Just a few zig-zags up the hill and... (cue "heaven" music again):
This bridge is not California National Park approved! |
Aaaaaaahhhhhhhhhhhhhh. The elusive hut. |
Again, not many photos were taken after this point because I was on the mad-tramp back to the car. Although we had a couple hours of daylight, I didn't trust the map, and if it actually took the 3 hours that it said it would, we weren't gonna make it. Plus, it was slow-going in the slushy shadowy snow-mud for much of this part.
That is me, less than stoked about the trail conditions. Shortly after I took a good slide and twisted my knee (it was totally fine but made me grumpy). Conveniently though, when I picked myself up, I got a view of what was behind us. I had been so focused on not dying sliding, I never would have noticed.
Sweet waterfall!!! |
The top bit is what we had seen earlier in the brush |
After only about an hour, we reached a sign that said we were 40 minutes from the car. We had a good hour or so of light left, so naturally Scott decided we should take the "alternative route"instead of the normal track down. This proved to be longer and steeper, with tons of wind and snow damage, and about 90% of fallen trees in the forest having fallen on this particular trail. Good times.
We finally, finally reached the creek where our beers were chilled and ready, and well before the sun set I might add. Shout out to the brewer of Golden Eagle, who brewed a couple of damn fine, hoppy NZ craft beers!
Oddly, after our accidentally massive hike, we were completely worked. Dinner was uneventful, and we had to prop our eyelids open when we got to our B&B and met our chipper, chatty hosts. They poured us copious amounts of beer and wine, and we had good conversation despite our very weary bodies. Rick and Evelyn at Richlyn Park B&B in Geraldine are lovely, and Rick is a great cook. I definitely recommend their place if you find yourself needing a comfy, warm place to stay in the area. And prices are fair- which can be hard to find!!
In the morning after our bacon, eggs, toast, cereal, fruit, yogurt, and coffee/tea, we were fueled up for a bike ride. Only problem was, my legs still hadn't forgiven me. So it was a leisurely ride, full of stopping to look at baby lambs and baby goats and baby cows. We rode through about 40 kilometers of countryside until we decided it was time to eat again (eating may be my favorite part of being on holiday).

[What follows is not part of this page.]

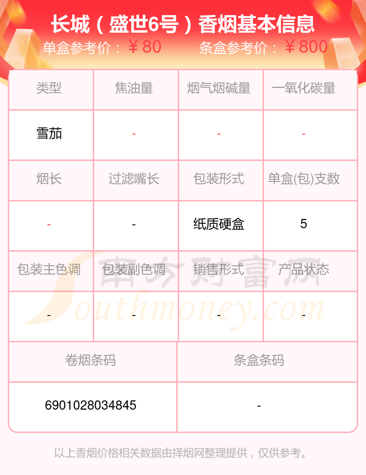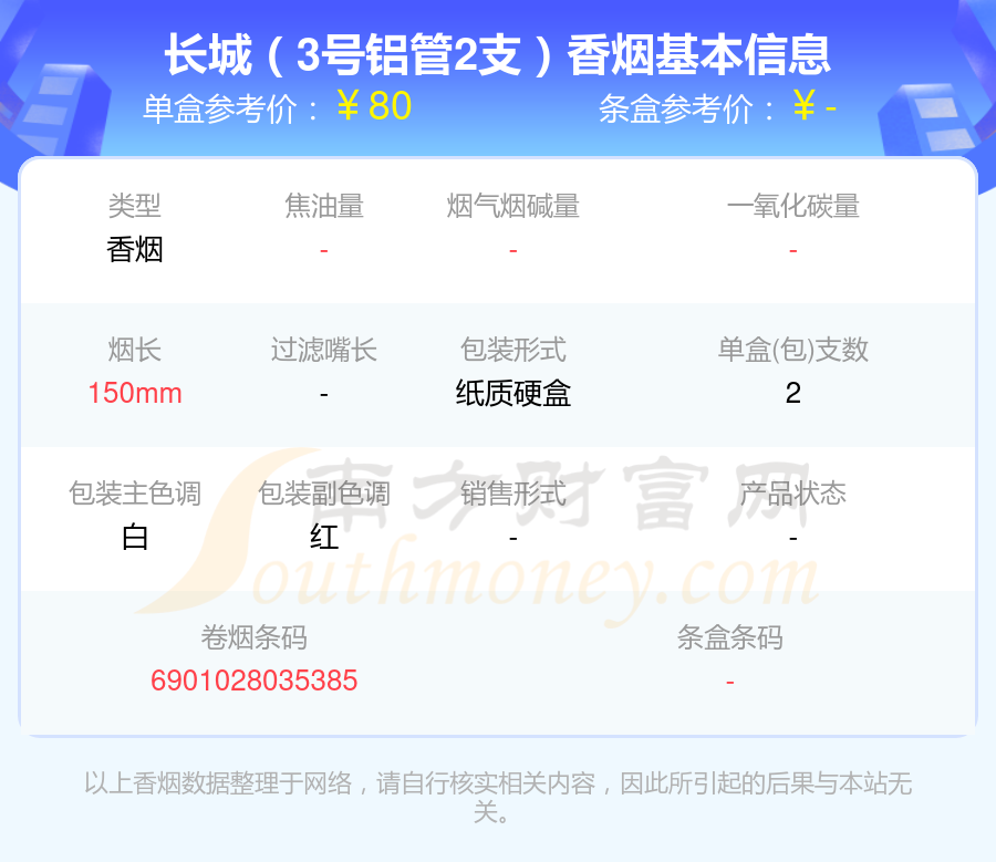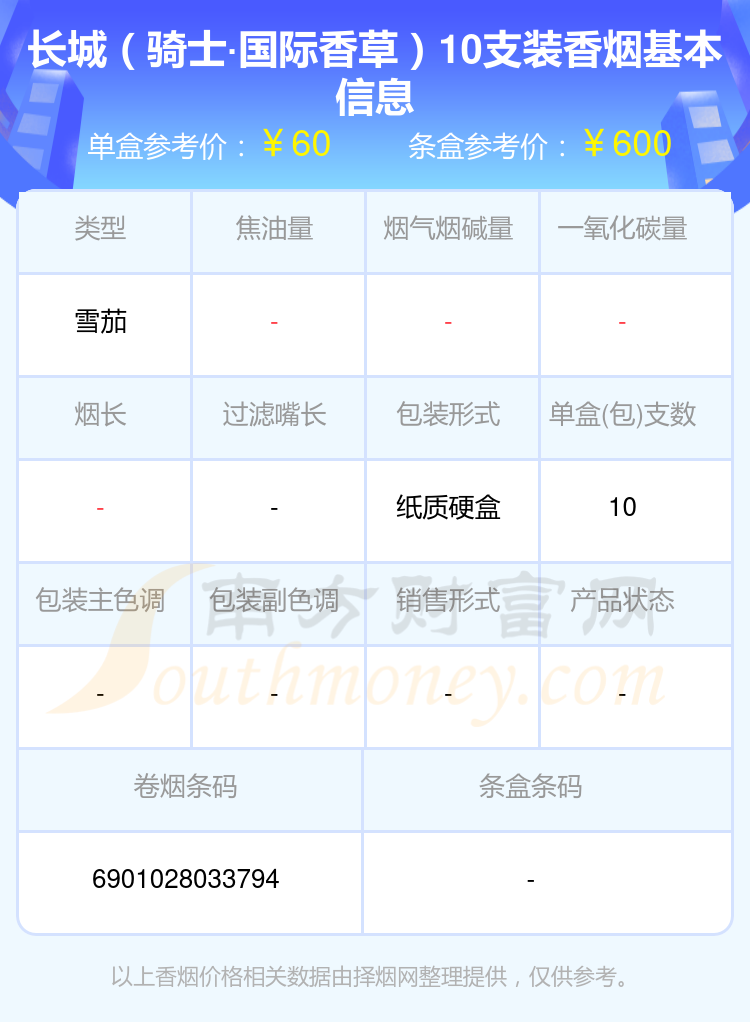 長城(3號鋁管2支)參考價80.0元/包、長城(盛世6號)參考價80.0元/包、長城(騎士·國際香草)10支裝參考價60.0元/包、長城(騎士·國際原味)10支裝參考價60.0元/包、長城(騎士國際原味2號)參考價60元/包等。

Why aren't you feeding me? |
We still had a couple of hours left after our ride, so on the way home we checked out the Rata Falls hike in the Peel Forest. The Peel Forest is a native bush forest, unique to this side of the Southern Alps because it is full of ferns and moss and the greenery usually seen on the West Coast. It is quite beautiful, and definitely worth a stop on your South Island road trip.
Thankfully this was a mellower hike in regards to time and elevation gain/loss. But there were still plenty of slippery rocks to navigate and creek crossings to jump!
Rata Falls |
So that concludes my ridiculously detailed account of our 2-day holiday. For your sake maybe I'll keep the re-hashing of our trip to Australia (in 10 days!!!!!) is a bit more brief! But no promises.